| Work to complete |
Pictures excluded, copy word for word the lines from the one holding "Agregó que el" through the last line below.

─── Data for processing

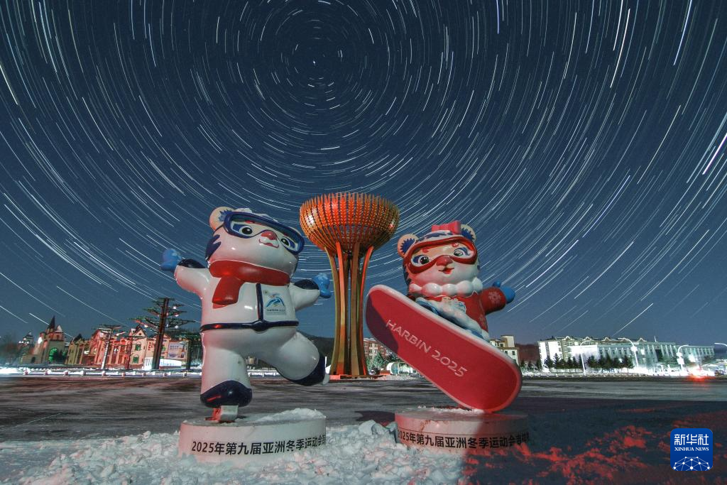 2月7日在亚布力滑雪旅游度假区拍摄的星空下的第九届亚冬会吉祥物(堆栈合成照片)。
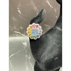 The ring features a beautiful flower design adorned with a mesmerizing drusy stone and accented by a variety of colorful gemstones.
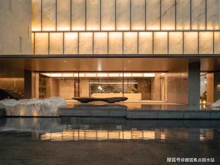 但是这一次屿樾府并没有做气派的大门,而是选择度假酒店的设计,再配上叠水瀑布,大面水景,给业主提供更舒适的归家动线。
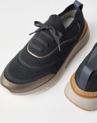Inspired by the refined yarns of Brunello Cucinelli knitwear, these new techno cotton knit runners update the feel of classic styles in a contemporary way. The heat-sealed trim stands out next to the fine, comfortable appearance of the knit: this sophisticated combination creates an elegant texture contrast. MATERIALS The cotton knit combines natural and synthetic fibers as well as a small percentage of spandex to provide optimal comfort. Its unlined construction and EVA bottom offer lightness. DETAILS Flat cotton laces Fabric lining Detachable insole TPU rubber sole 100% COTTON
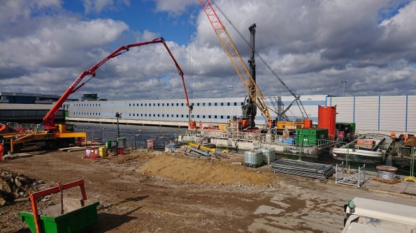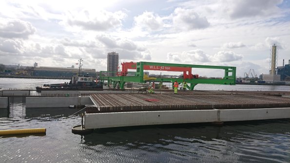 Logistics. Currently there are over 4500 precast concrete elements that are being manufactured in Ireland, by Shay Murtagh, with only 20% of the total delivered there is massive pressure on them to up production. With this increase in production there is added pressure on BAM to get them placed on site, which is difficult requiring a specially built barge to place them, shown below:
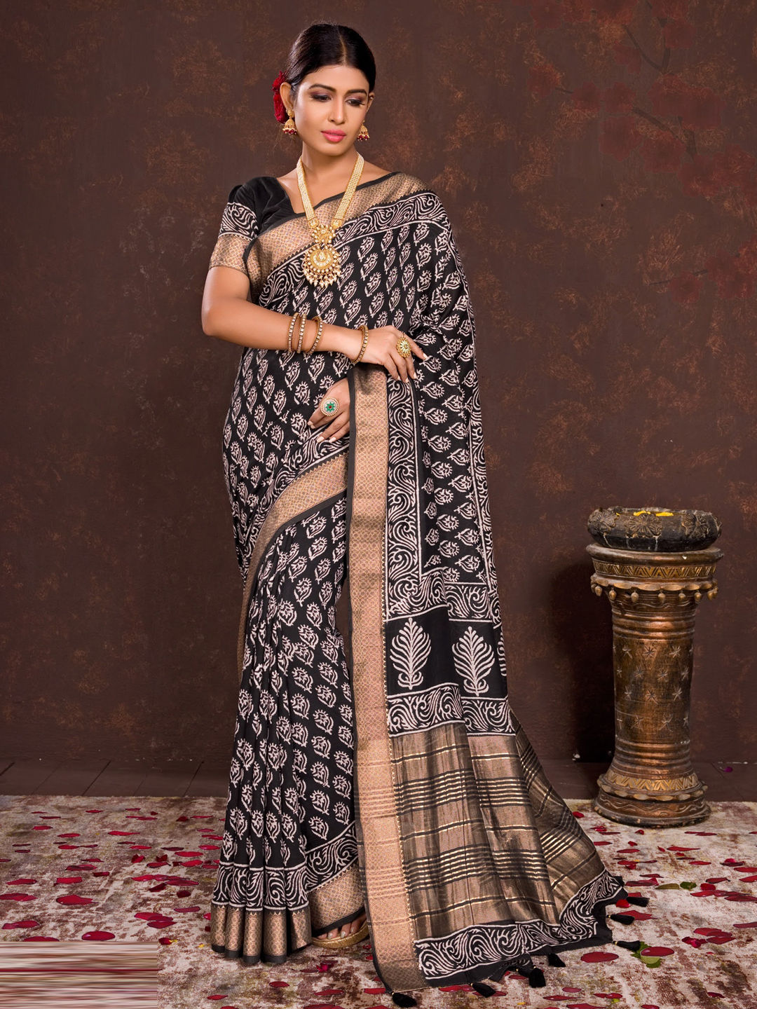 Black and Grey color Saree in Viscose fabric with Printed, Weaving work
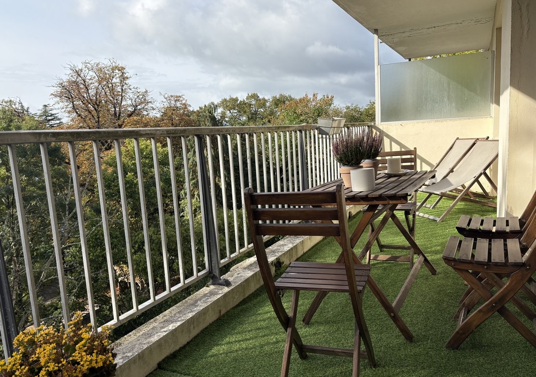 Séjour de 55 m² avec cuisine aménagée équipée donnant sur un balcon-terrasse orienté Sud Ouest, un dégagement avec rangements desservant trois chambres dont une avec point d'eau (possibilité 2e salle de douche) donnant sur un balcon orienté Est, une salle de bain (douche et baignoire), une buanderie, un wc séparé.
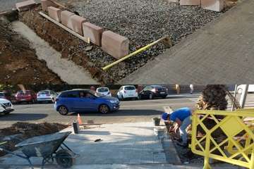 La empresa adjudicataria de la obra ha procedido a demoler y reparar estos muros y a reforzar y consolidar la cimentación de las paredes exteriores del centro para evitar posibles caídas. Por otra parte, también se ha reconstruido la solera y el pavimento en los pasillos y, por último, se ha sustituido una de las puertas de acceso. En relación a la mejora del acceso peatonal se ha dado continuidad al pavimento de losetas y bordillos.
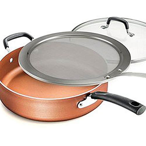 -. Feature : Reinforced ceramic pan, glass lid, splatter screen / Heavy-gauge aluminum / Non-stick interior / Soft-touch handles
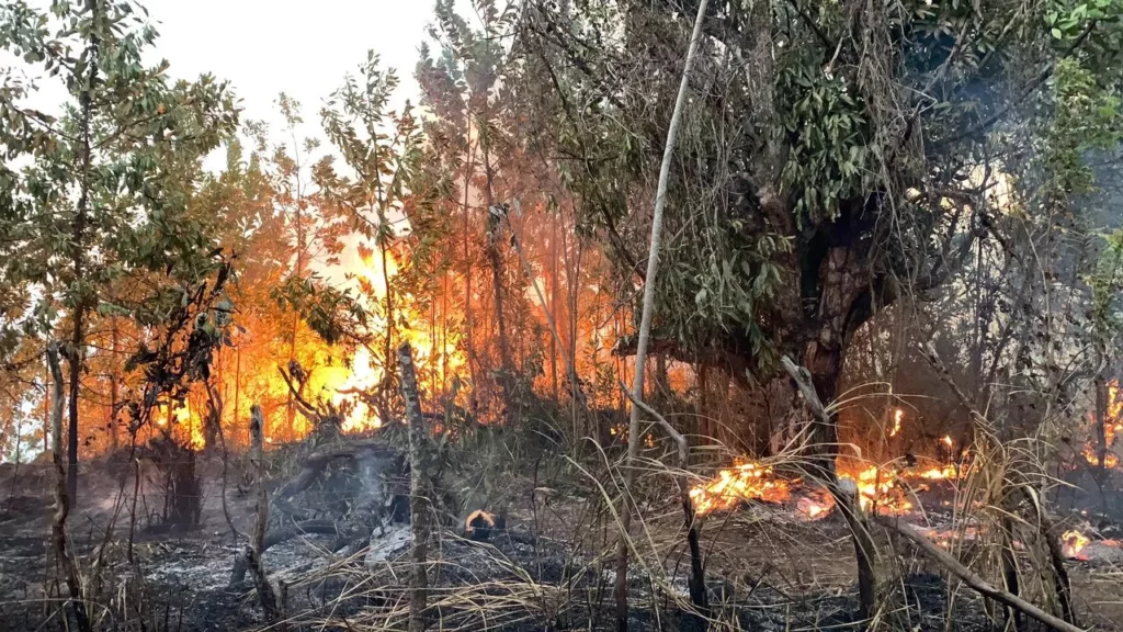 Agregó que el incendio afecta la vertiente norte y sur de Loma Guaigüí, mientras un equipo compuesto por dos brigadas de 35 de bomberos forestales de La Vega y Jarabacoa construyen líneas cortafuegos para controlarlo.
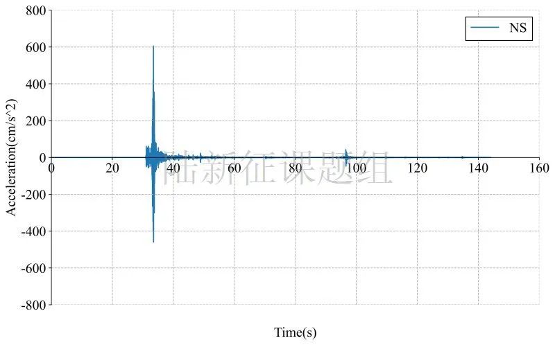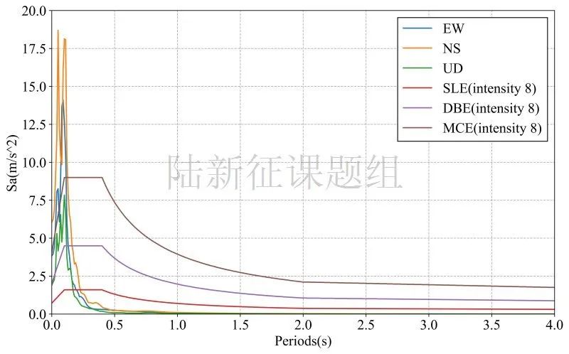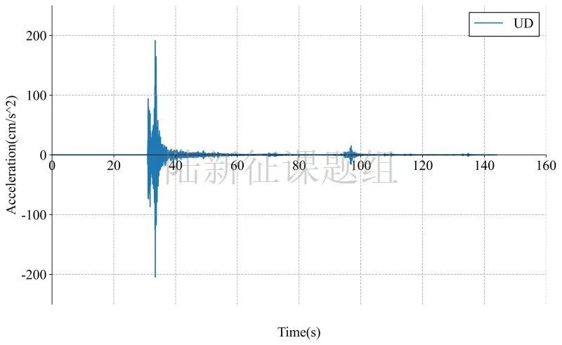 NP5230記錄臺站位置北緯33.57度,西經(jīng)116.51度(圖1,其中紅色標(biāo)記為震中位置),記錄到水平向地震動峰值加速度為604.9cm/s/s,豎直向地震動峰值加速度為204.4cm/s/s。該地震動及反應(yīng)譜如圖2、圖3所示。
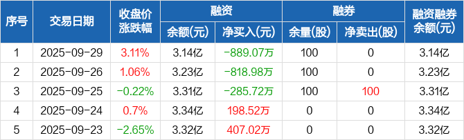 振江股份:连续3日融资净偿还累计1993.76万元(09-29)
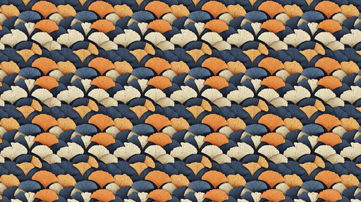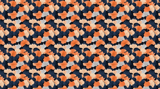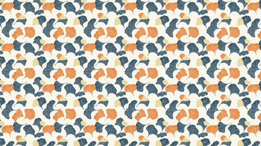 Ver todos os detalhesPapel de parede folhas de ginkgo | Um padrão colorido de folhas estilizadas em laranja, creme e preto

──────

| Output |
 Agregó que el incendio afecta la vertiente norte y sur de Loma Guaigüí, mientras un equipo compuesto por dos brigadas de 35 de bomberos forestales de La Vega y Jarabacoa construyen líneas cortafuegos para controlarlo.
 NP5230記錄臺站位置北緯33.57度,西經(jīng)116.51度(圖1,其中紅色標(biāo)記為震中位置),記錄到水平向地震動峰值加速度為604.9cm/s/s,豎直向地震動峰值加速度為204.4cm/s/s。該地震動及反應(yīng)譜如圖2、圖3所示。
 振江股份:连续3日融资净偿还累计1993.76万元(09-29)
 Ver todos os detalhesPapel de parede folhas de ginkgo | Um padrão colorido de folhas estilizadas em laranja, creme e preto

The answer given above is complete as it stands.